#### Work item
From first line to last, copy the listing exactly and omit its pictures.

#### Given information

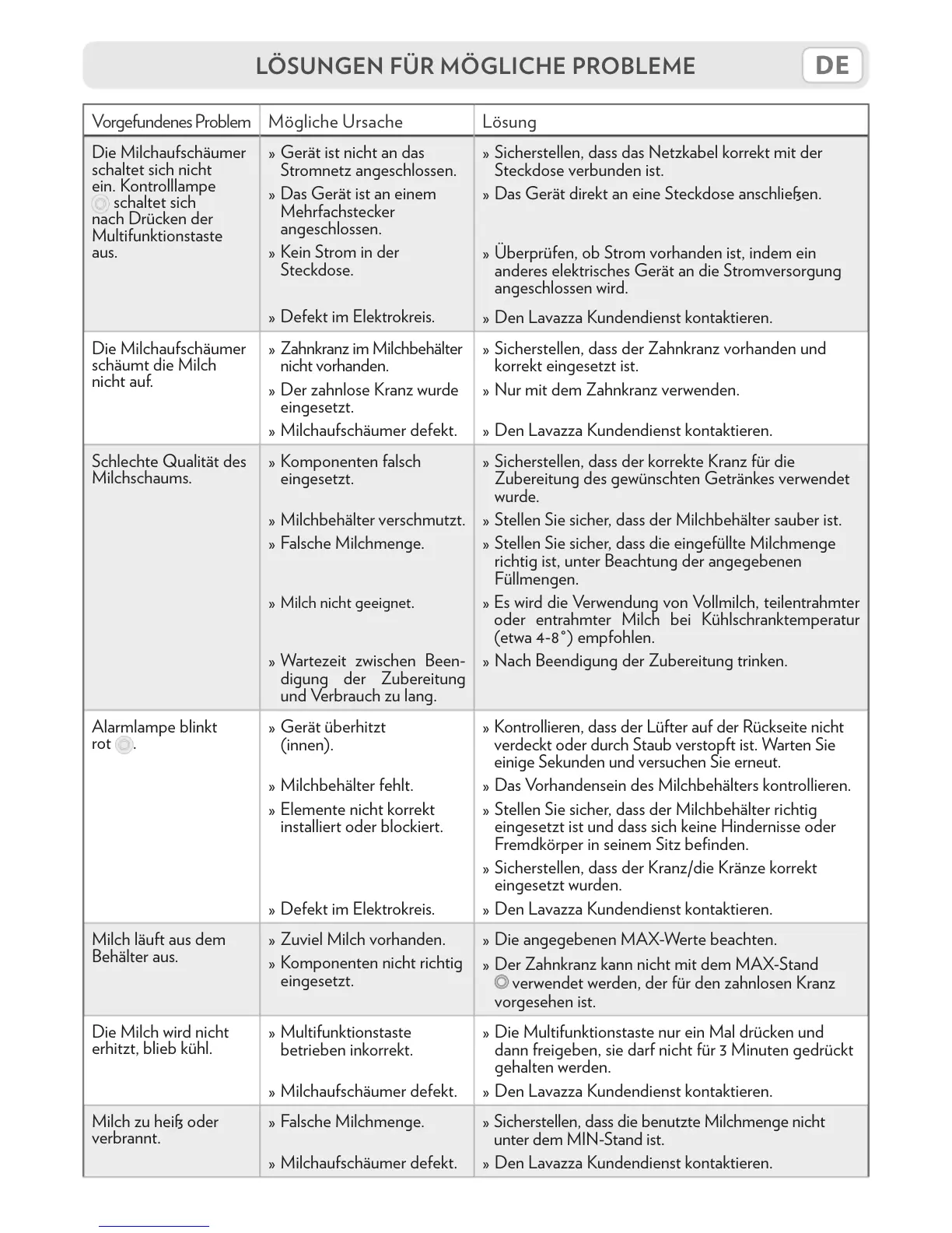 LÖSUNGEN FÜR MÖGLICHE PROBLEME
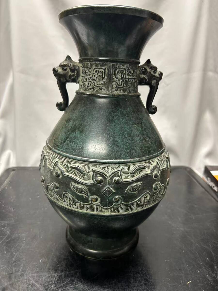 - 旧家収蔵品 青銅器花瓶 花器 置物 飾り物 花道具 飾壺 飾壷 古賞物 古美術 時代物 希少 美品 重さ2238g
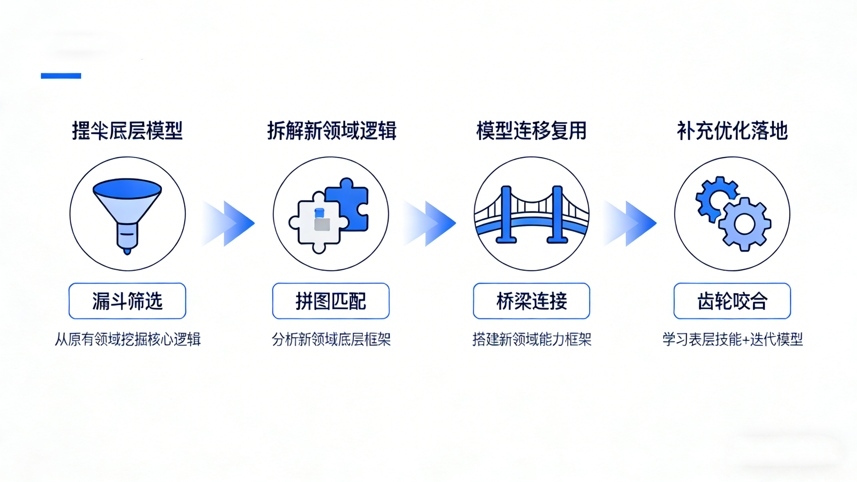 第三步:模型迁移复用,搭建新领域能力框架(快速上手)这是跨界的核心步骤:把原有领域的底层模型,迁移到新领域的匹配环节,快速搭建新领域的能力框架,不用从零开始学。
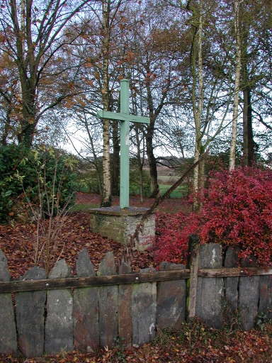 Croix en bois du milieu du 20e siècle(?) sur une base maçonnée.

#### Result below
 LÖSUNGEN FÜR MÖGLICHE PROBLEME
 - 旧家収蔵品 青銅器花瓶 花器 置物 飾り物 花道具 飾壺 飾壷 古賞物 古美術 時代物 希少 美品 重さ2238g
 第三步:模型迁移复用,搭建新领域能力框架(快速上手)这是跨界的核心步骤:把原有领域的底层模型,迁移到新领域的匹配环节,快速搭建新领域的能力框架,不用从零开始学。
 Croix en bois du milieu du 20e siècle(?) sur une base maçonnée.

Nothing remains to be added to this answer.